Chapter 35 Dimitri

DIMITRI

The overhead light in the bedroom was dimmed to a warm glow, making the thin strip of moonlight coming through the gap in the curtains barely visible.

Dimitri stood at the window, his fingers hooked around the edge of the fabric, watching the street below.

It was too early for Dave to arrive with the phone, but he couldn't stop looking.

They had turned off the lights in the lab before coming upstairs, because the guards watching it from outside would wonder why they were working late and might report the anomaly.

Mattie was on the bed, her back against the headboard, and she was talking to Petrov in a low voice.

It was the kind of murmured conversation that filled silence without requiring attention, and Dimitri mostly tuned it out.

Petrov sometimes responded in Russian, forgetting that Mattie didn't speak it or understand it, which he did when he was either completely plastered or anxious, and in this case, it was probably both.

Dimitri was anxious as well, his mind running one failure scenario after another, each one worse than the last.

Dave getting caught in the surveillance room because someone in there was resistant to thralling and compulsion.

An alarm getting triggered. Losham waking up and finding one of the Eight in his bedroom.

The contact number had been deleted. The guards around the lab noticed the Eight approaching and sounded an alert before Dave could thrall them.

He ran through them one at a time, assigning probabilities, identifying mitigation strategies, and discarding the ones that had no mitigation because there was nothing to be gained from contemplating total failure.

The street below was empty, as it usually was at this hour.

Curfew was in effect, and it applied to all of the human population of the island and most of the immortal population as well.

Senior commanders and patrolling guards were naturally exempt, and Dimitri noticed when those in charge of watching the lab made their rounds, even though they were doing their best to stay out of sight.

They didn't want to announce their presence.

Dimitri had timed them.

"You should sit down," Mattie said. "It's too early for Dave to return. They are probably still at the surveillance office."

He turned to look at her. "I don't want to miss them. I need to go down and open the door before they buzz the intercom."

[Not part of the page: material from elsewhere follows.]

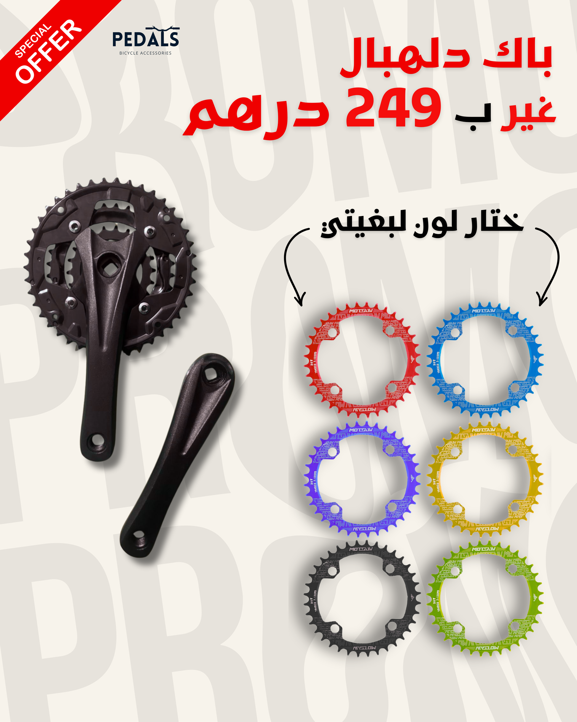 Pédalier en aluminium + mono-plateau (couleur de votre choix)

She arched a brow. "Why? By the time they reach the front door, they'll have thralled all the guards watching the lab. They can buzz in all they want."

"I'd rather be careful."

Petrov took a drink from his flask and said something in Russian that Dimitri didn't bother translating because it would only start an argument. It was something along the lines of letting him be.

Dimitri checked his watch. Zero zero forty.

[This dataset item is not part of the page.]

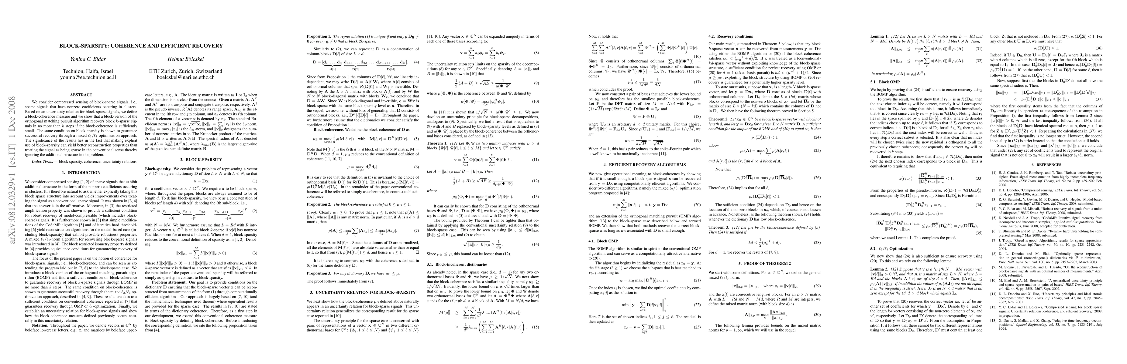 This paper explores compressed sensing for block-sparse signals, introducing a block-coherence measure and demonstrating that efficient recovery can be achieved in fewer steps than traditional sparse recovery methods. It shows that both the block-version of the orthogonal matching pursuit algorithm and a mixed l2/l1 optimization approach can successfully reconstruct block-sparse signals under certain block-sparsity conditions.

The clan's call to Losham had been scheduled for midnight.

Allowing thirty minutes for the call, Losham should have been off the phone ten minutes ago.

He probably hadn't gone to bed right away, and Dave still had to wait for him to fall asleep, enter the house, take the phone, and then make his way to the lab.

He shouldn't expect the Eight for at least another twenty minutes.

Zero one hundred was the target, but it might take longer.

"Losham is probably having a drink after the phone call," Mattie said.

Petrov nodded. "That's what I would have done. He needs to calm down before he can fall asleep."

"Dave planted a suggestion in Losham's mind earlier today that he needs to go to sleep earlier," Dimitri reminded them. "He's under a lot of stress, and he needs his beauty sleep."

Mattie chuckled. "Do you think he's concerned with looking good?"

"He is, but it was just an expression. Losham is smart, and he knows that even immortals need sleep to function well the next day.

Lord Navuh wanted Zhao to make the enhanced soldiers sleepless, but Zhao pushed back, saying that it wasn't possible.

I've read the report, and we even discussed it with Losham, so he's well aware of it. "

"According to the many medical studies I've read, stress produces insomnia," Petrov said. "Losham might have trouble falling asleep despite Dave's mental nudging."

"Thank you, Konstantin." Dimitri cast him a glare. "That's very helpful and reassuring."

"I'm not here to reassure you, my friend. I'm here as the voice of reason."

"You're too drunk to claim that status." Dimitri turned back to his vigil next to the window.

"My state of inebriation has nothing to do with my reasoning capacities, and you know it."

He was right, to a degree, but Dimitri had no patience for arguing the point.

Zero zero fifty. Ten minutes.

Dimitri shifted his weight from one foot to the other as a patrol passed at the far end of the street.

The two warriors weren't part of the detail around the lab.

They were just patrolling the area and walking with the unhurried gait of men who didn't expect trouble. They turned the corner and disappeared.

"Let's go over what we're going to say again," Mattie suggested.

They had rehearsed it that afternoon, going through the script like actors preparing for a performance.

Petrov had been skeptical about scripting every word, arguing that rigid preparation would make them sound rehearsed and therefore suspicious.

Dimitri had countered that they would be so anxious that their reasoning capacity would be diminished and their presentation would suffer. This was too important to screw up.

"We start with identification," Dimitri said, reciting the outline from memory.

"Who we are, how we got here. Russian scientists brought to the island to work on the enhancement program.

We give our credentials so they can be verified.

Then we establish more credibility by describing the program in terms that only an insider would know.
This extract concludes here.